‘Have you been vaccinated yet?’

Published July 20, 2021, 12:12 AM

by James Deakin

ONE FOR THE ROAD

 

James Deakin

Over the last couple of months, “Have you been vaccinated yet?” seems to have become the new “May-asawa/anak-ka-na-ba?” conversation starter of choice during get-togethers.

And while there’s nothing inherently wrong with either, the level of awkwardness or offense all comes down to the tone of the one asking. Because just like that one relative we try to avoid in family gatherings, I notice most people who ask are not necessarily asking out of concern, but for comparison or compliance. And that’s where it may start becoming counterproductive.

Don’t get me wrong. I support the vaccine program.  I have just had my first dose, and I believe it’s our fastest and safest way out of this Twilight Zone we now live in.

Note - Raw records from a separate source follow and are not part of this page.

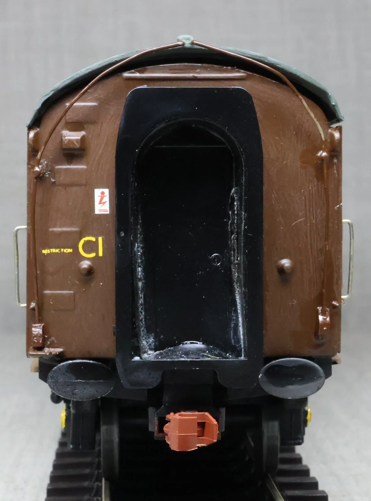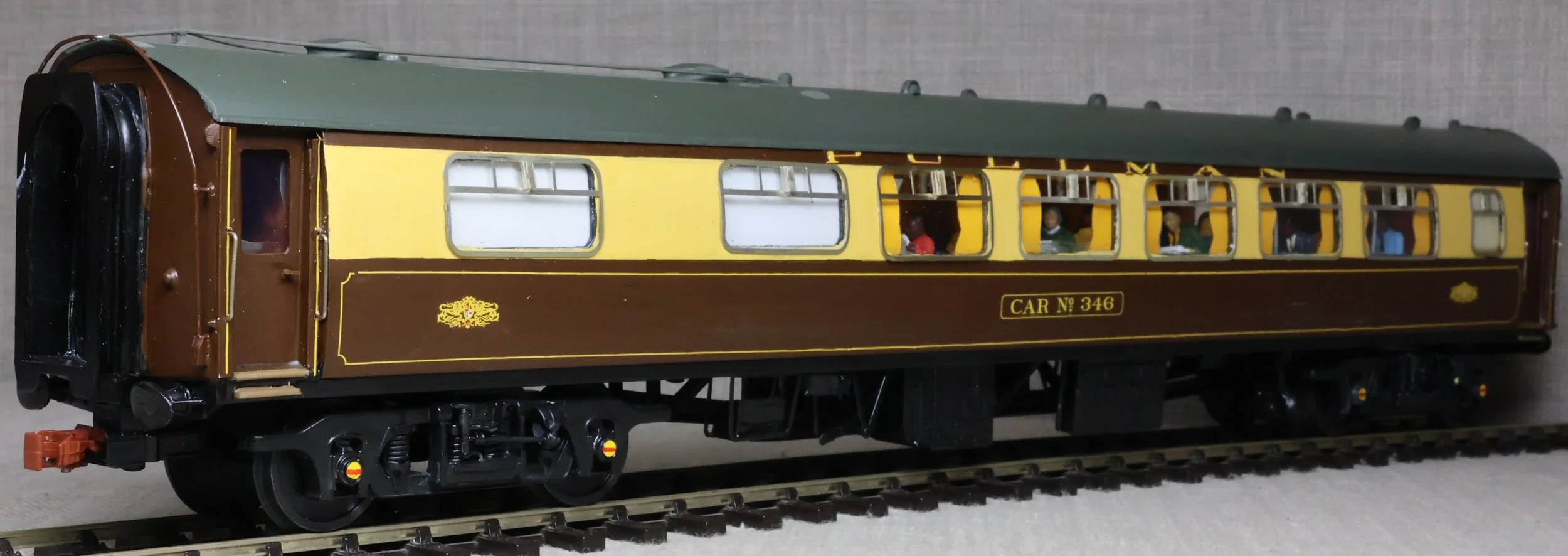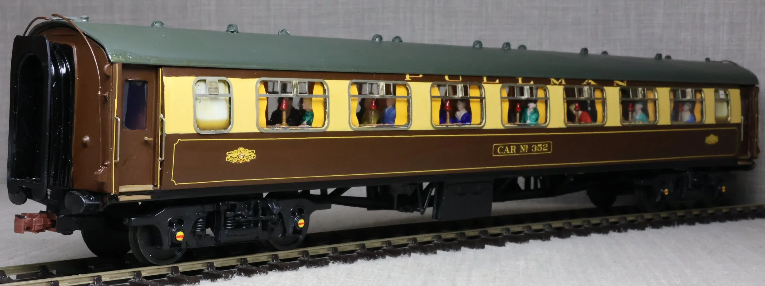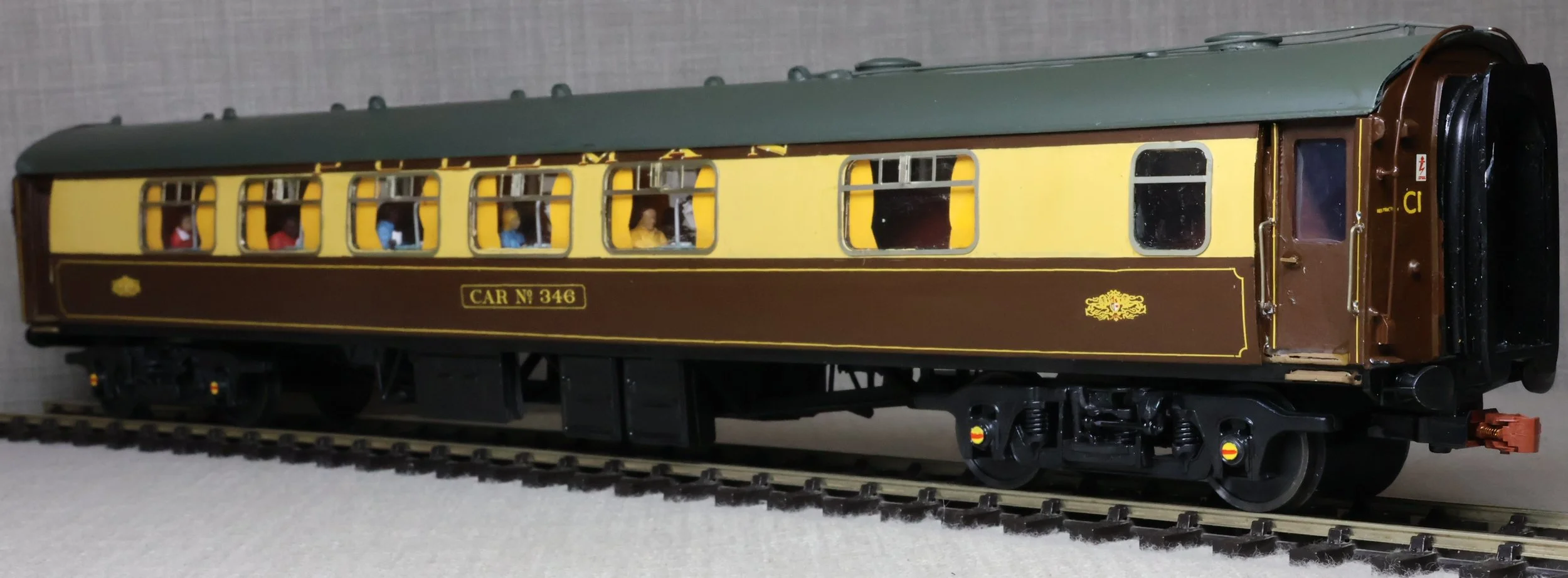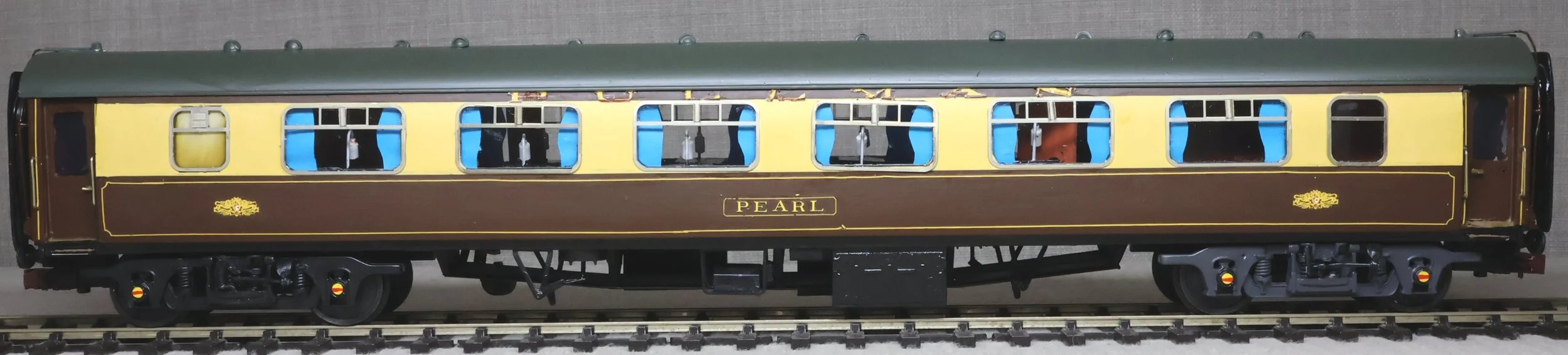 CDS141. BR Metropolitan Cammell Set of 4 BR Mk1 Pullman Coaches. In Pullman Carriage Company Umber and Cream livery. Comprising (1) First Class Parlour Car 'Pearl'. (2) First Class Parlour Car 'Amber'. (3) Second Class Kitchen/Dining Car 'Car No. 346'. (4) Second Class Parlour Car 'Car No. 352'. These are from Easybuild kits, of moulded ABS plastic construction, with full interior details and with passengers fitted. They are painted to a good amateur standard. They have Kadee couplings fitted to the buffer beams and have Easybuild bogies fitted. The models have had medium use with some paint touch-ups on the grey roofs. Metro-Cammell built 44 Mk1 Pullman Cars in 1960/1961 (21 First Class, 22 Second Class, 1 Bar Car) replacing many earlier vehicles. However they built no further brake vehicles so the original 1928 series of brake vehicles continued in service. The BR Mk1 Pullmans were primarily used for East Coast services and many remained in service until circa 1978 with 26 of the 44 vehicles having been preserved (The final 'Yorkshire Pullman' ran on 5th May 1978). Of this set, 'Pearl' and 'Amber' have been preserved but rebuilt as sleeping cars. 'Car No. 352' is preserved but renamed as 'Amethyst'. £695 for the Set of Four Coaches.
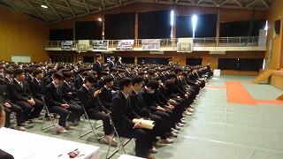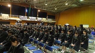 *受賞された皆さん、おめでとうございます。2年生は体育館で式の様子を見守りました。3年生の立派な態度や雄姿が伝わり、1、2年生へのバトンが着実に引き継がれていました。
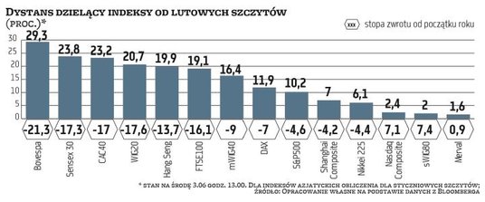 Warszawska „trójca" wygląda na globalnym tle nieźle. Od marcowego dołka do środowego popołudnia WIG20 i sWIG80 zyskały już po 42 proc., a mWIG40 33 proc. Od lutowych szczytów indeksy dzieli odpowiednio 20,7 proc., 2 proc. oraz 16,4 proc. Segment maluchów jest najsilniejszy, o czym świadczy m.in. fakt, że jako jedyny z tej trójki ma dodatnią stopę zwrotu od początku roku, 7,1 proc., i jest powyżej średniej kroczącej z 200 sesji i 61,8-proc. zniesienia Fibonacciego. Na wykresie sWIG80 tworzy się duża formacja V, więc atak szczytowy to kwestia najbliższych sesji.
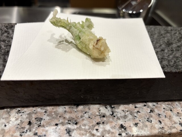 春を感じる山菜とたけのこは天ぷらで食べると、とにかく香りが素晴らしいです甘鯛の鱗揚げもカリカリで身はふっくらです
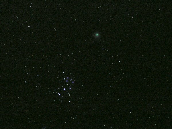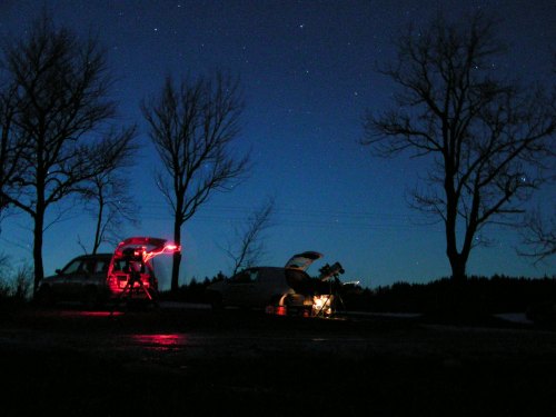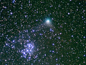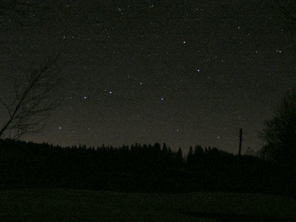 Dritter Tag der Passage des Kometen C/2004 Q2 (Machholz) bei den Pleiaden und heute ist das Wetter zunächst eindeutig traumhaft. BOLAM kündigt gegen Mitternacht eine deutliche Wolkenfront aus NW an, aber bis dahin sollte einer tollen Beobachtung nichts im Wege stehen. Da Samstag ist, wird die Ebenwaldhöhe als Ziel gewählt. Ich komme schon früh hinauf, einige Beobachter sind schon da und bauen ihre Instrumente auf. Die Temperatur war während der Fahrt auf den Berg von +4°C im Tal auf unglaubliche +10°C hier in 1000m Höhe geklettert. Die einzige böse Überraschung hier: Sturm! Ich wähle daher, wie die meisten anderen auch, einen windgeschützeren Platz und opfere damit den halben Himmel (Westen), aber dort habe ich ohnedies nicht vor, zu beobachten. Ausserdem konzentrieren sich alle auf einen einigermassen trockenen Fleck am Rande des Parkplatzes, der ansonsten doch eher eine Schlammwüste ist. Reste von Schnee schmelzen friedlich vor sich hin ... Bald ist es so dunkel, dass der Herbst- und Winterhimmel in ihrer ganzen Pracht über uns erstrahlen (Anmerkung für alle, die sich jetzt wundern: Nachdem die Sternbilder "einer Jahreszeit" ein Viertel des Himmels einnehmen, aber der halbe Himmel zu sehen ist, sind an einem Winterabend zunächst die Herbst- und die Wintersternbilder zu sehen; die Herbststernbilder gehen im Lauf der Nacht unter, dafür kommen im Osten schon die Frühlingssternbilder herauf). Auch der Komet C/2004 Q2 (Machholz) ist deutlich; ich vergleiche ihn mit dem Stern ο Persei (3,8 mag) und der Komet erscheint mir etwas schwächer, also rund 4mag. An Fotos ist kaum zu denken, aber mit der huckepack montierten MX916 mit 50mm Objektiv geht es. Doch zunächst ist die Minolta Dimage Z1 dran. Mit äquivalent 380mm Brennweite fotografiere ich den Kometen und die Pleiaden 30 Sekunden lang mit 400 ISO. Dann ist die CCD-Kamera dran. Mit dem 50mm Objektiv, aber viel kleinerem Kamerachip, ergibt sich ein Feld, das in etwa dem der Minolta entspricht. Mit der schwarzweiss aufnehmenden MX916 mache ich mit RGB-Filtern ein Farbbild aus drei Aufnahmen zu je 60 Sekunden. Die CCD-Kamera ist schon viel empfindlicher. Heute kommt der blaue Gasschweif wirklich gut heraus, es ist hier schon wesentlich dunkler als auf der Sofienalpe. Ich versuche mich noch mit der MX916 und einem 135mm Tele, doch da macht der Sturm schon einen Strich durch die Rechnung. Nach dem Motto "besser ein schlechtes Bild als gar kein Bild" zeige ich hier trotzdem das Resultat von 10 x 60 Sekunden Schwarzweissaufnahme. An weitere Fotos, etwa von Deep Sky Objekten, ist nicht zu denken. Wir machen uns einen schönen visuellen Beobachtungsabend. Das freut besonders unsere Gäste, die - und das muss man sich einmal auf der Zunge zergehen lassen! - angeregt durch unsere Veranstaltung beim Ramba Zamba Riesenspielefest im Rathaus das erste Mal am Rathausplatz durch unsere Fernrohre geguckt haben und heute schon hierher gekommen sind, um einen wirklich guten Himmel zu sehen. Roland, Hut ab, das ist perfektes Astro-Marketing! Alle schönen und auch viele kleinere Objekte des Winterhimmels werden beobachtet. Über M42, M1, M35 bis M38, h+χ Persei, die Pleiaden, aber auch über M31 und M33, M81 und M82 oder auch den Eskimo-Nebel oder den Eulen-Nebel möchte ich gar nichts schreiben, sie begeistern uns genauso wie unsere Gäste, die, wie gesagt, teilweise heute den ersten Kontakt mit einem wirklich guten Himmel haben. Bemerkenswert sind einige kleinere Objekte, wie der kleine Sternhaufen NGC 2158 nahe bei M35, der heute wirklich extrem deutlich ist. Oder die kleinen offenen Sternhaufen NGC 2126 und 2281 im Furhmann. Oder die Kugelsternhaufen M79 (leider sehr tief) und NGC 2419, der "intergalaktische Wanderer" im Luchs. Auch die planetarischen Nebel NGC 2371 in den Zwillingen und M76 sind interessant, beide sind korkenförmig. Nach 22 Uhr MEZ wird die Bewölkung von Nordwesten her stärker, zunächst tief, aber gegen 23 Uhr nimmt sie schon den halben Himmel ein. Abbau. Es war ein schöner, wenngleich nicht perfekter Beobachtungsabend hier auf der Ebenwaldhöhe, aber wir konnten die Passage des Kometen Machholz bei den Pleiaden drei Abende lang verfolgen, und das ist wirklich toll für unsere Breiten zu dieser Jahreszeit. |
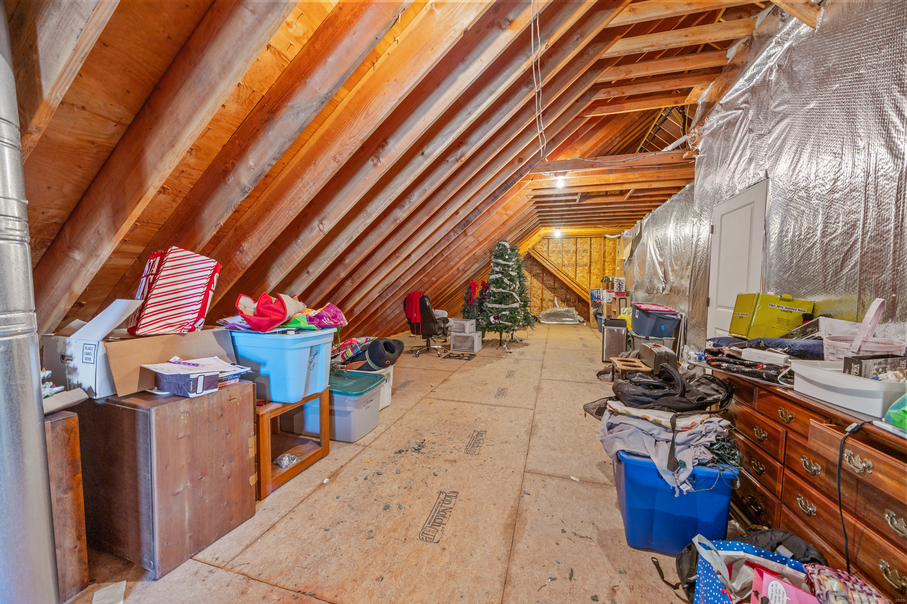 Attic : Unfinished, Storage Space, Floored, Walk-In
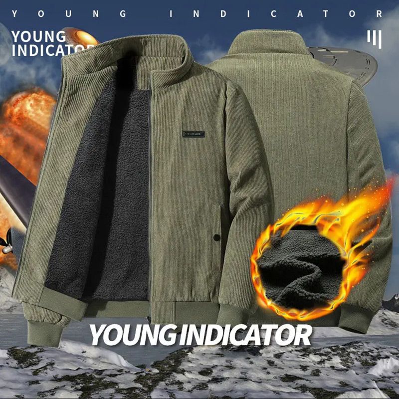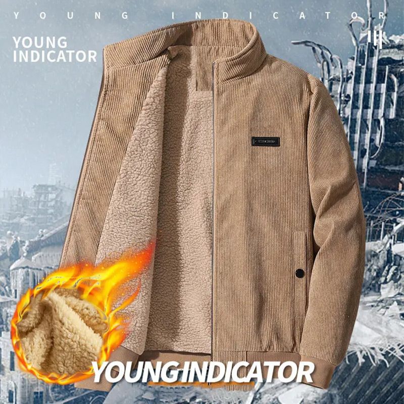 Veste à fermeture éclair en velours côtelé doublé de thermique pour hommes, avec col montant
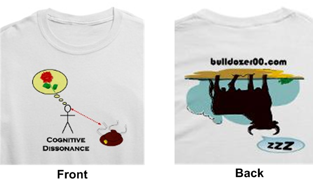 The writers of the first 2 “substantive” comments that BD00 receives will get a gratis copy of the notoriously famous “Cog Diss” T-shirt to wear in shame:
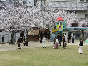 春のやわらかな陽ざしに包まれて心地よいお天気の中、入園式を行いました。園庭の桜も満開で新しいスタートをお祝いしてくれているようでした。
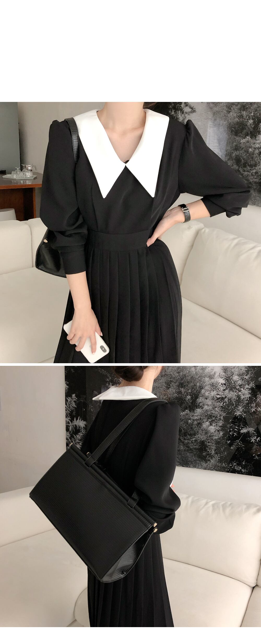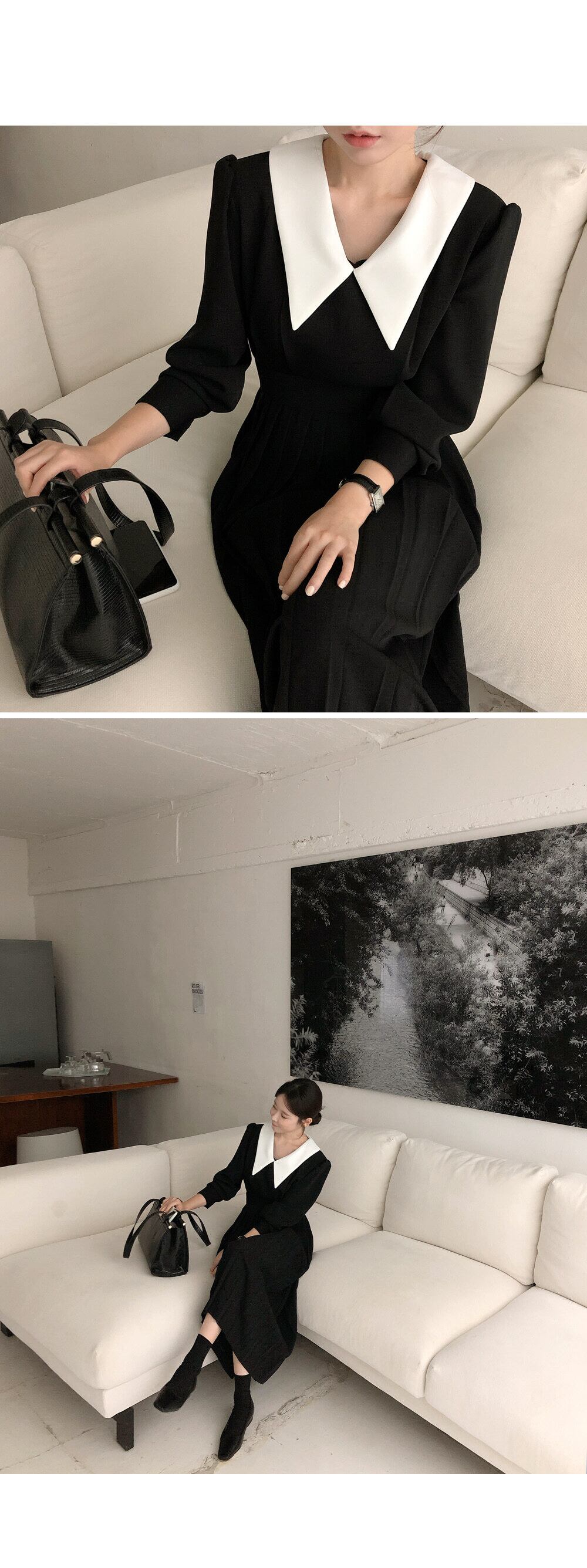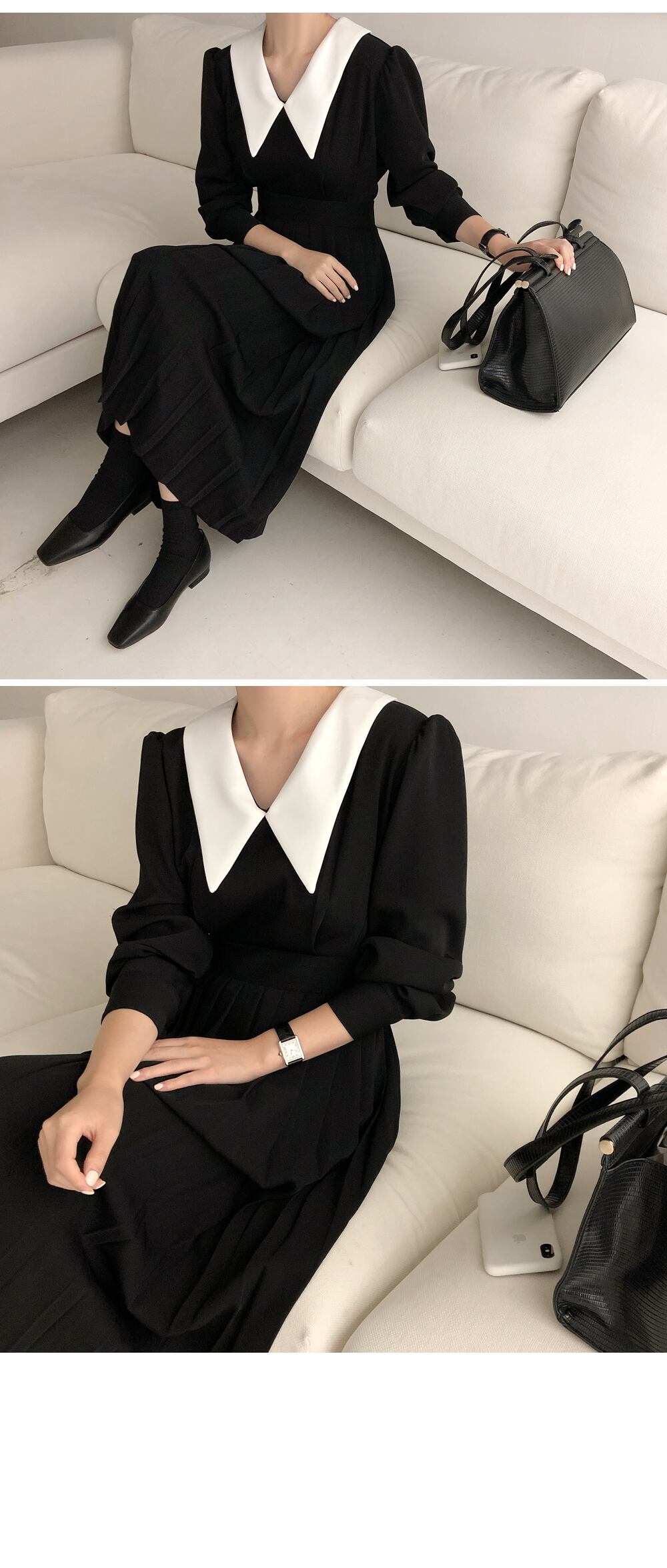 オータムスタイルカラー薄手ウェスト長袖スリーブプリーツドレス ブラック ロング 秋物 ステッチ ICC_レディース27027175932
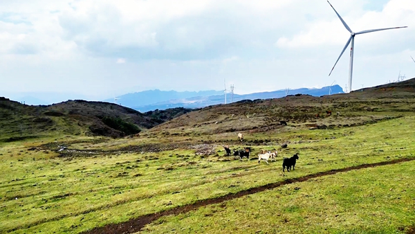 远山之上,悠然漫步的牛羊和马儿与缓缓转动的风车相映成趣。蓝天白云之下,青山绿水之间,漫山杜鹃随风摇曳,共同勾勒出这片广阔草原独有的春日画卷。
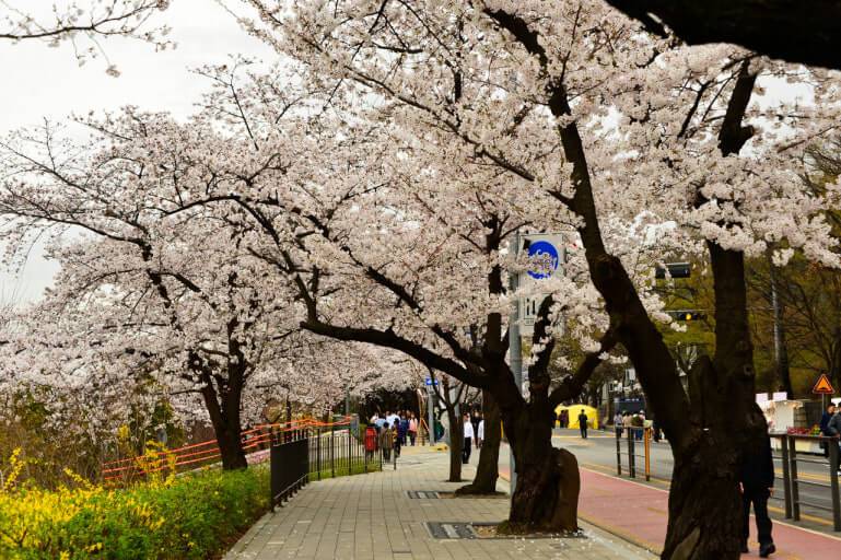 서울 봄꽃 여행지의 대표, 여의도 윤중로 벚꽃길에서 낭만적인 벚꽃 산책을 즐겨보세요.

But I can also appreciate that not everyone feels the same way. And if the goal is to get better compliance, we all should be more sensitive to how we frame the true value of this whole campaign rather than how to enforce it.

So here are a few random thoughts I wanted to share about the program.

Firstly, while promoting the vaccine through different influencer campaigns is a very effective tool in getting the message across, at this stage of the program, we need to be more sensitive to those who have registered and have been waiting to get one, but cannot.

Try and imagine how that feels. It comes across to them as aggressively promoting something that’s not readily available. You know, kinda like how our telcos keep advertising their unli data to new subscribers when those who are already subscribed can’t even get a stable connection or decent customer service when they have concerns.

So it feels like insult over injury when they see expensive ad campaigns with foreign endorsers telling more people to buy more of their services when they can’t even service the ones they already have.

The issue right now is not a lack  in demand; it’s a lack of supply. It’s coming, I know, and we are doing a better job than a lot of other countries, but we should temper the messaging to be in sync with that.

Also, while we are on it, can we be more conscious about asking people publicly about what brand they took. Again, while I’m sure the question is coming from a good place, it almost always ends up in a bad one because there’s really not many productive ways for that conversation to go.

Unless you have a direct source within one of these ‘preferred vaccine brands, it usually only ever goes the opposite way and creates remorse, envy, false pride, or worse, turns political. And for what?  It’s not like you can do anything with the information anyway if they took a “socially inferior” vaccine or were one of the lucky ones that got the branded one. You can’t un-jab them.

So treat the question like the “parang tumataba ka” comment. Even if you feel it’s true, the statement has zero value and an almost 100 percent chance of ending somewhere awkward or worse.

End of the day, unless it’s family or very close friends, it’s none of our business. If they want to tell you, they will. Just like if they want to have kids and get married, they will – for their reasons, not yours.

Secondly, if the vaccines are really the ticket to freedom that we are told they are, then can we start giving back some of those freedoms to those who actually get vaccinated?

We could start by making face shields optional, and do away with those expensive RT-PCR tests and those utterly useless “contact tracing” forms at stores. That alone offers more incentive than the restaurant throwing in a free desert with your meal.

And it’s far more relevant. If we are trying to create some kind of club or movement here, just remember that you can’t sell memberships without privileges. Identify the privileges. And if they are substantial enough, watch them come rolling in.

This is not so much of an issue now, simply because we haven’t even vaccinated the shut-up-and-take-my-money crowd yet, but if we really want to reach herd immunity, we need to properly address the casuals and the skeptics and not just brand them as anti-vax and threaten them with ostracization.

It’s rarely ever that black and white. Almost everyone I hear from actually wants the vaccine, or is at least willing to be convinced, so let’s focus on communicating the risks versus benefits, and then let people make their own decisions based on that.